The expansion will create eight new positions for assignment editors — in Photo, National, Metro, Investigations, Design and Business — to strengthen coverage and reinforce colleagues who’ve been taxed by the unrelenting news cycle. We will also establish eight new positions for assistant editors, most of whom will work closely with assignment editors in overseeing coverage. We anticipate that these positions will create opportunities for people from many corners of the newsroom, with varied skills and backgrounds, to gain expertise in line editing and guiding a team of journalists. We will grow the MPE desk by hiring five multi-platform editors, in part to expand that team’s role in publishing on our digital platforms. We will create eight positions for breaking-news and weekend editors (including one supervising producer) in Video, Photo, National, Features and Business. The role of projects editor has become vital in fostering the collaboration and strategic thinking needed to execute our most ambitious journalism, so we will add two more of these positions in Design.

The initiative will establish three additional visual enterprise editors — one in Business, one who will focus on politics and one who will work with both the Health & Science and Climate & Environment teams — building on the success we have seen with this role in Foreign. That experiment has shown that adding a senior visual journalist to help lead coverage in a department can have a transformative effect.
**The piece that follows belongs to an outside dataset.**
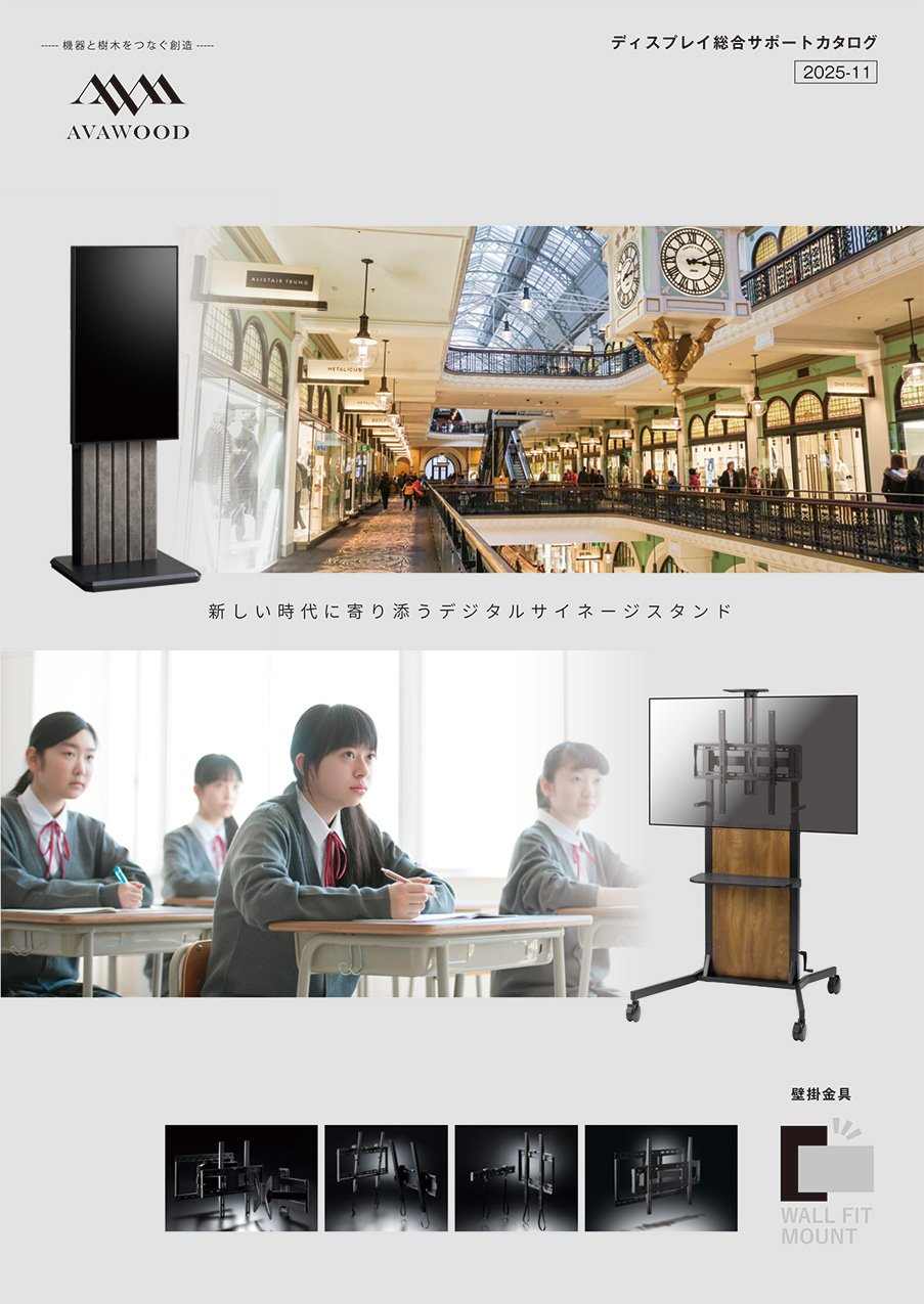 HOME 製品案内 サイネージスタンド AVAWOOD カタログダウンロード AVAWOOD TOP AVAWOODのこだわり AVAWOODラインナップ 製品一覧 販売店一覧 オンラインショップ カタログダウンロード Catalog Download 総合カタログ テレワーク特集 AVAWOOD 2025-11版 お客様サポートSupport HOME 製品案内 サイネージスタンド AVAWOOD カタログダウンロード

The expansion will enable us to experiment further. We will establish a new high-level position in the Business department: audience strategy editor. Reporting to the department head, this journalist will help us deliver our coverage of business and tech in more innovative and strategic ways. We have often stressed the need for “durable” storytelling — FAQs, explainers and timelines that help readers get up to speed and stay up to date. This explanatory journalism is critical to our future, and we will create a position for an editor focused on this work in the Health & Science team as well as one for an editor who will be part of the Audience team and act as a resource throughout the newsroom.

This major investment in the newsroom will also fund new roles to carry out functions essential to a growing news organization. First, we will create two positions for standards editors who will refine and maintain newsroom policies, working closely and collaboratively with all our journalists to promote best practices and ensure that our work meets the high expectations of our audiences. And we will establish two roles devoted to recruiting — a senior editor and an assistant editor — to help us systematize the way we recruit, hire and onboard staffers. These roles are critical to the fulfillment of our strong commitment to diversity.

This expansion demonstrates anew that The Washington Post is an ascendant news organization, with boundless ambitions and a growing capacity to meet them. We hope you’ll join us in taking a moment to reflect on all we have accomplished — it is your success that enables the company to strengthen the newsroom in this way. We feel privileged to join you in the important work that lies ahead.